Questo tempo di Quaresima è, particolarmente, il « momento opportuno per lasciare che la Parola ci smuova, ci sfidi a scommettere la nostra vita in Dio e ci provochi ad avere fiducia nel futuro di salvezza , iniziato con la morte e la risurrezione di Cristo e che avrà il pieno compimento, anche per il credente, nella stessa gloria di Dio, preannunziata con la trasfigurazione di Gesù sul Tabor.
Ultimo aggiornamento (Sabato 15 Marzo 2014 20:01)
Gesù tentato da Satana nel deserto, vince il male anche per noi.
9 Marzo – Prima Domenica di Quaresima.
La Quaresima è chiamata « segno sacramentale della nostra conversione » . Vuol dire che i giorni che passano e i riti che in essi celebriamo sono richiamo e manifestazione del nostro impegno a rivedere la vita e a giudicarla secondo le esigenze del Vangelo.

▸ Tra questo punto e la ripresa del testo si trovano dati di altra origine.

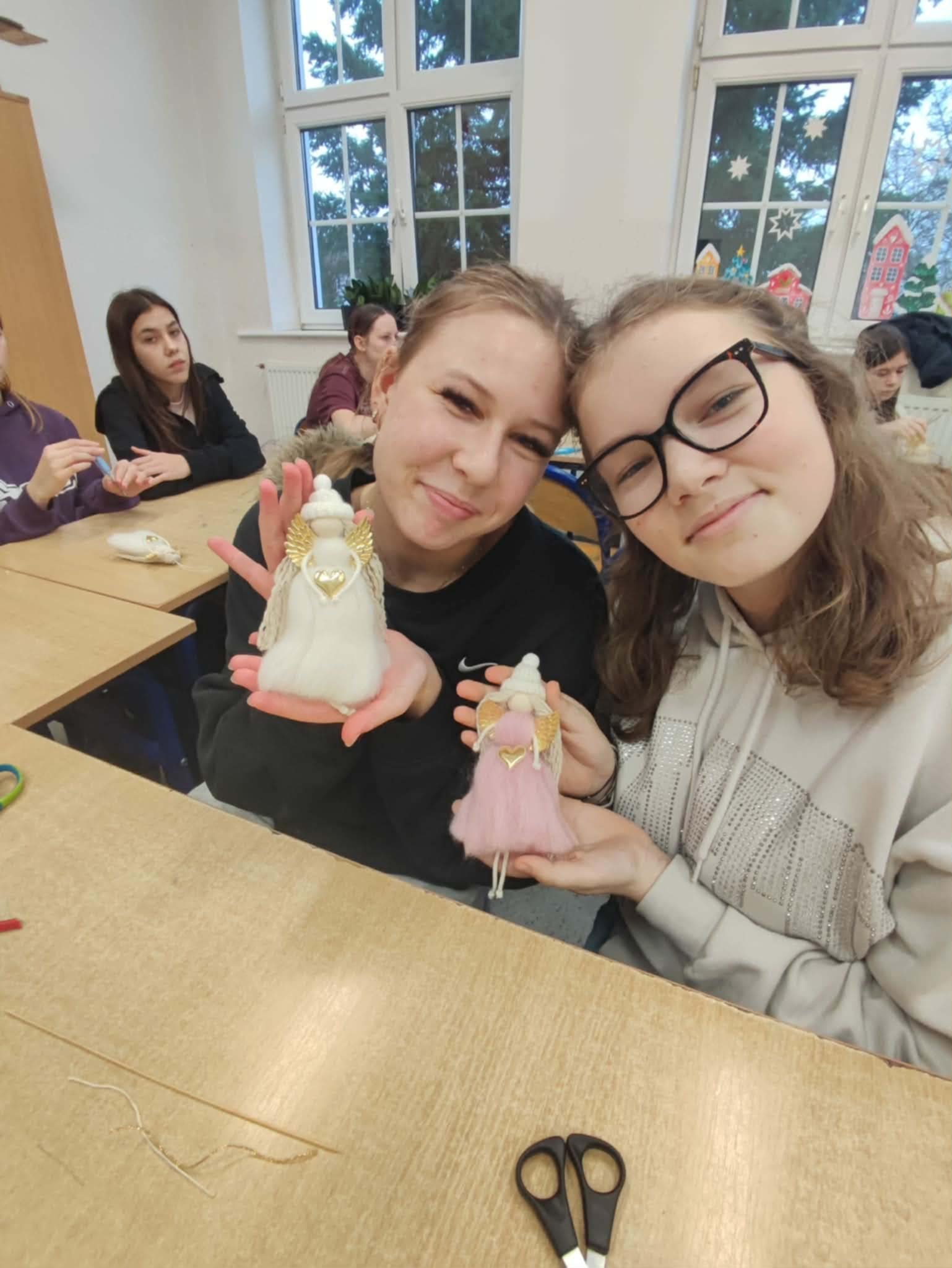 W dniach 10 i 12 grudnia uczniowie uczestniczyli w wydarzeniach o charakterze kulturalnym i twórczym. Klasy V obejrzały spektakl profilaktyczny „Ten inny” w WDK, poruszający temat akceptacji, empatii i przeciwdziałania wykluczeniu. Z kolei uczennice klas VII i VIII wzięły udział w warsztatach rękodzielniczych prowadzonych przez panią Ritę Kruk, podczas których poznawały technikę makramy i własnoręcznie wykonywały ozdobne aniołki i breloczki.

Quello di Quaresima è detto « tempo favorevole per la nostra salvezza »; tutti i tempi sono portatori di grazia e quindi invito alla redenzione della vita , ma in Quaresima le esortazioni diventano più pressanti e appassionate: la meditazione sulla nostra colpa si fa più prolungata; il sacrificio della croce fissa più intensamente la contemplazione della Chiesa, mentre i nostri cuori più attentamente sono in ascolto della Parola di Dio. Tutti questi giorni sono sotto la grande attrazione della Pasqua, i cui misteri sono al centro dell’anno liturgico e al culmine della storia della salvezza.
Prima Lettura: Gn 2,7-9. 3,1-7.
Questo testo non è una narrazione storica, ma vi troviamo il perché del peccato che, fin dalle origini, induce l’uomo ad ogni forma di male che sperimentiamo. E’ obbligo morale dell’uomo superare questo limite che non bisogna accettare passivamente e pigramente: tutti siamo chiamati in quanto creature a ricercare il bene nostro e di tutto l’uomo, a perfezionarci e assolvere al compito di maturazione umana. Ma ci ritroviamo con un limite insuperabile che è costitutivo della creatura: accettarsi nello stato di creatura è riconoscersi nella giusta relazione con Dio. Il voler oltrepassare questo limite spinge l’uomo al tentativo di equipararsi a Dio, volersi sostituire a Lui.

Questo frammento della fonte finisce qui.